= Fernando González de Marañón =

Fernando González de Marañón (died April 1219) was the sixth Grand Master of the Order of Santiago from 1206 until 1210.

Fernando was born in the second half of the twelfth century. His family was of Navarrese origin, but active in the kingdom of Castile. He was the son of Count Gonzalo de Marañón, who may have been a member of the confraternity of Cáceres organized by Pedro Fernández de Castro, which became the Order of Santiago in 1170.

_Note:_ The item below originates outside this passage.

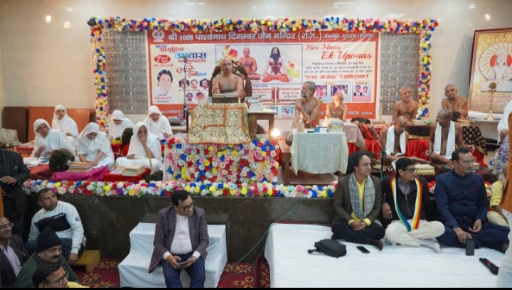 जैन समाज के प्रवक्ता अभय जैन एडवोकेट ने बताया कि आचार्य श्री 108 प्रसन्न सागर जी महाराज ने अपने प्रवचन में उपवास के महत्व को बताया। आचार्यश्री ने बताया कि मन की शुद्धि के लिए उपवास जरूर करना चाहिए। उपवास करने से शरीर के अशुद्ध विकास बाहर हो जाते हैं। आचार्यश्री ने कहा कि मन की शुद्धि के लिए उपवास जरूर करना चाहिए। उपवास करने से शरीर के अशुद्ध विकास बाहर हो जाते हैं। आचार्यश्री ने कहा कि मेरे आह्वान से आप सभी माह में एक उपवास जरूर करें। उपवास सिर्फ अन्न का ही नहीं, अपने भावों की शुद्धि के लिए किया जाता है।आचार्यश्री ने बताया कि सायं छह बजे के बाद तो पानी का भी उपयोग नहीं करना चाहिए। एक माह में एक उपवास जरूर करें। आचार्यश्री 108 प्रसन्न सागर जी महाराज ने अपने प्रवचनों के साथ-साथ भजनों, गीतों का श्रद्धालुओं को रसपान कराया। उन्होंने सुनाया-मेरा मन ये पुकारे आ जा-भक्ति के सहारे आजा…। तुम बिन हमरा कोई नहीं, भगवान तुम बिन हमरा कोई नहीं, मेरे देश की धरती सोना उगले उगले हीरे मोती…। आचार्य श्री 109 प्रसन्न सागर जी महाराज ने कहा कि हर माह की सात तारीख को उपवास जरूर करें।

Fernando succeeded Suero Rodríguez as grand master in 1206. He resettled the domains owned by his order, granting fueros to Huélamo and Villarrubia de Santiago and new rights to Ocaña. He reached an agreement on cooperation with the Order of Calatrava and maintained good relations with the Papacy. Between 1207 and 1210, he received five bulls from Innocent III dealing with the rights of the order, its internal discipline and its relations with the secular clergy, among other things.

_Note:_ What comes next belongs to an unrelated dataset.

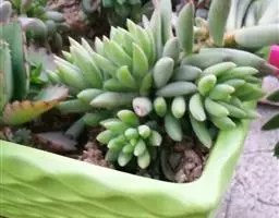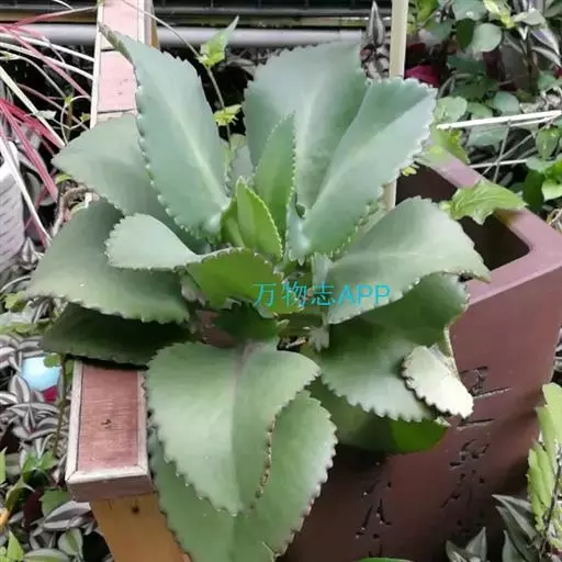 宽叶落地生根是最常见的多浆植物。其叶片肥厚多汁,边缘长出整齐美观的不定芽,形似一群小蝴蝶,飞落于地,立即扎根繁育子孙后代,颇有奇趣。用于盆栽,是窗台绿化的好材料,点缀书房和客室也具雅趣。
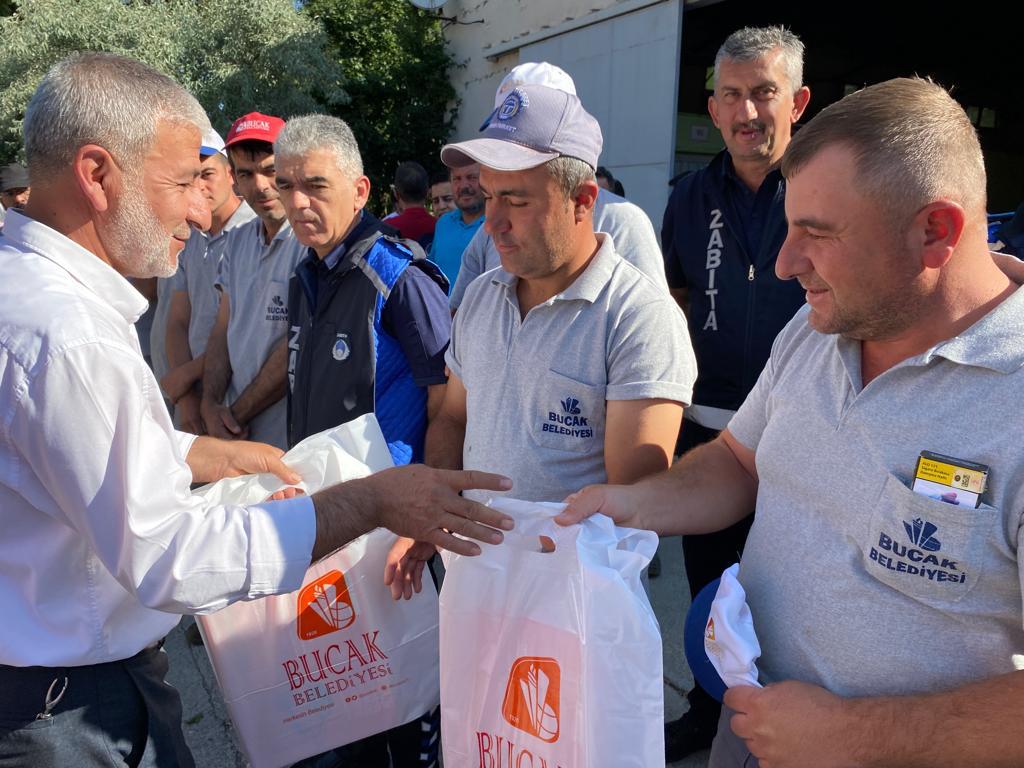 Belediye personeli ile güzel hizmetlere imza attıklarını kaydeden Başkan Emrullah Ünal, personeline hitaben yaptığı konuşmada “Bucak’ımıza yapmış olduğumuz her hizmette sizlerin emeği var. Emekleriniz için sizlere teşekkür ediyorum. Hepimiz devletimiz, milletimiz ve ilçemiz Bucak için çalışıyoruz. Burdur’un marka ilçesi Bucak’ımıza hep birlikte hizmet ediyoruz. İlçemizin Marka ilçe olmasında şüphesiz ki gece gündüz çalışan, halkımıza hizmet eden sizlerin alın teri var. Allah birliğimizi, dirliğimizi aramızdaki bu muhabbetti bozmasın. Biz hep daha iyiyi, daha güzeli nasıl yapabiliriz diye bir çaba içindeyiz. Hepinize göstermiş olduğunuz özverili çalışmalarınızdan dolayı tekrardan teşekkür ediyorum. İnşallah bundan sonra da, daha güzel çalışmalara yine hep birlikte imza atacağız. Ben her birinizin, ailelerinizin ve sevdiklerinizin ayrı ayrı Kurban Bayramını tebrik ediyor, nice güzel bayramlar geçirmelerini diliyorum” diye konuştu.

Since the truces that Alfonso VIII of Castile had signed with the Almohads prevented the order from fulfilling its purpose of fighting them, Fernando received Innocent III's approval to bring his knights into the service of King Peter II of Aragon. In 1210, he went from Uclés through Albarracín to join Peter II's offensive towards Valencia and Murcia. The knights of Santiago captured the fortresses of Jabaloyas, Villarquemado and Fontaner before joining the siege of Montalbán. Peter left the siege early and the castle was captured by the knights. In June, Peter conferred it on them and it became their headquarters in Aragon.

Fernando resigned the mastership later in 1210 and died in April 1219. A contrary report is given by Francisco de Rades y Andrada, according to which Fernando died shortly after the conquest of Montalbán and was buried in Alarcón.